6

Disclaimer

Guys, I DO aware of Why does 10..toString() work, but 10.toString() does not? question existence, but the thing is that it doesn't provide the formal explanation.

The specification's interpretation of the . character in that particular position is that it will be a decimal. This is defined by the numeric literal syntax of ECMAScript.

Without reference to a standard isn't trustable enough

The question body

I subconsciously understand that

42..toString()

is treated by a parser as a 42. number followed by a .toString() call.

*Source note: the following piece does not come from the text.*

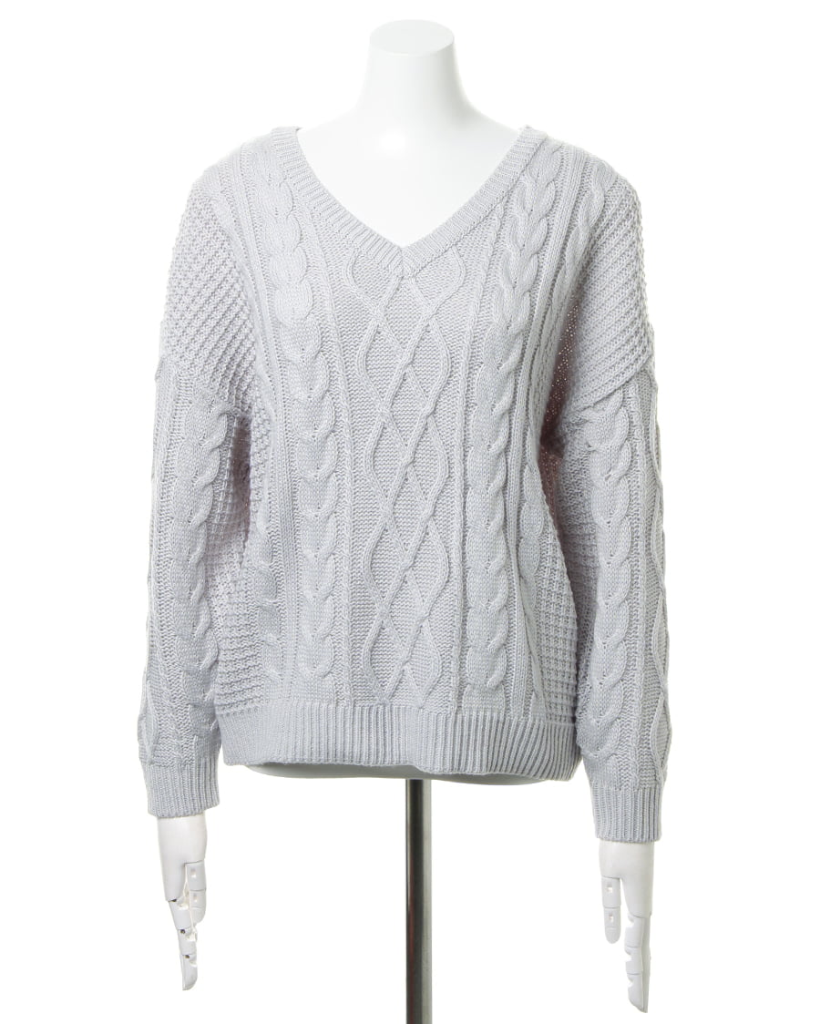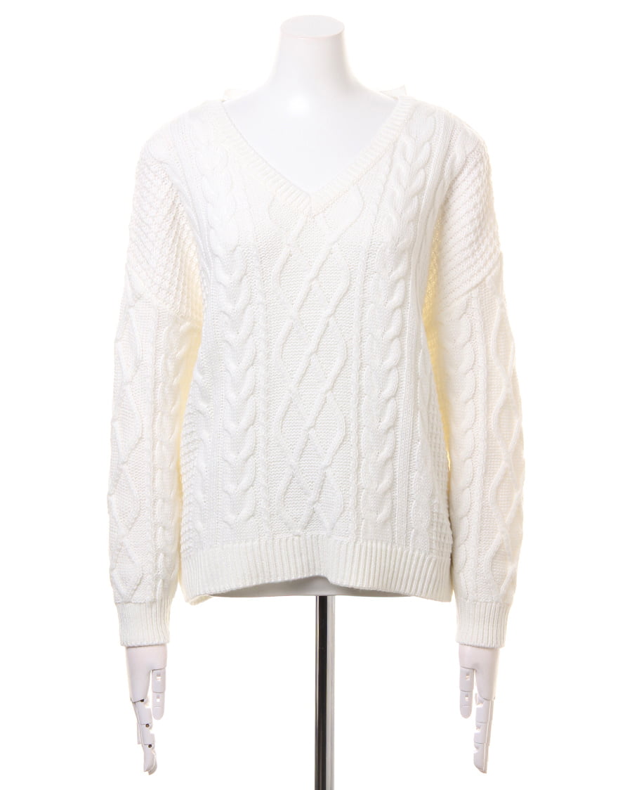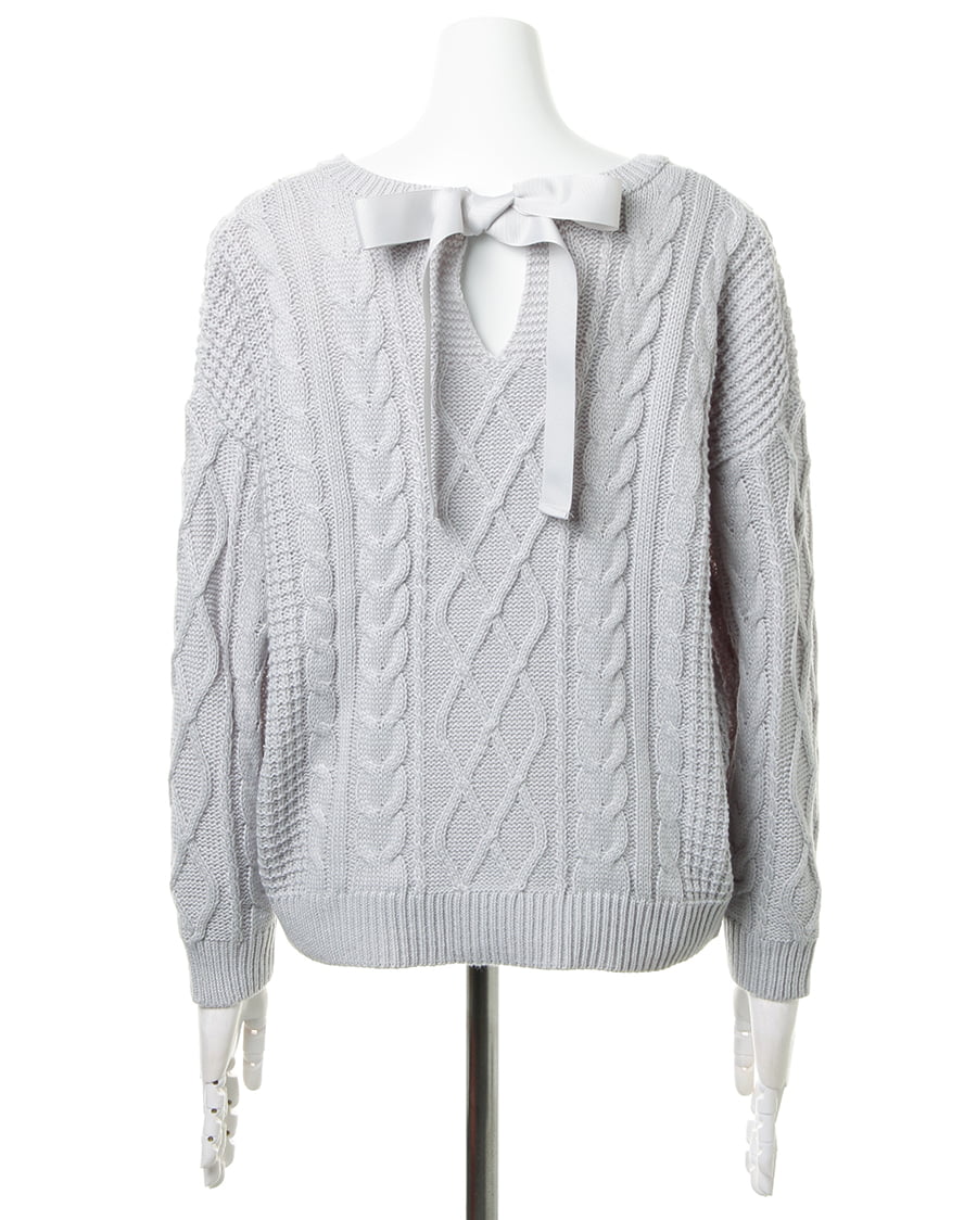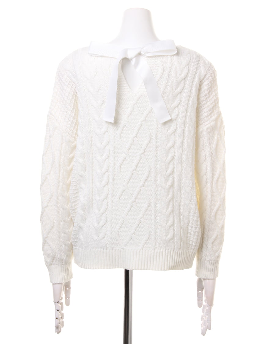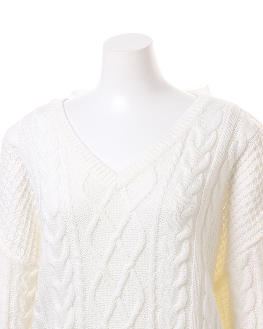 立体的なケーブル編みが、優しい風合いを演出するケーブルニット。前後のネックラインをVカットにしたことで、大人っぽい印象に。デコルテラインを、きれいに見せてくれる効果も魅力的。後姿もきまる、リボン付きでガーリーな雰囲気をあおります。コンパクトに設定された丈は、どんなボトムスとも好バランスなスタイルを実現します。

What I cannot understand is why an interpreter cannot realize that

42.toString()

is a 42 followed by a method call.

Is it just a drawback of modern JS interpreters or is it explicitly stated by ES5.1?

From ES5.1 the Numeric Literal is defined as (only significant part of definition):

NumericLiteral ::
    DecimalLiteral
    HexIntegerLiteral

DecimalLiteral ::
    DecimalIntegerLiteral . DecimalDigits(opt) ExponentPart(opt)
    . DecimalDigits ExponentPart(opt)
    DecimalIntegerLiteral ExponentPart(opt)

The last rule is what I expect to be chosen by a parser.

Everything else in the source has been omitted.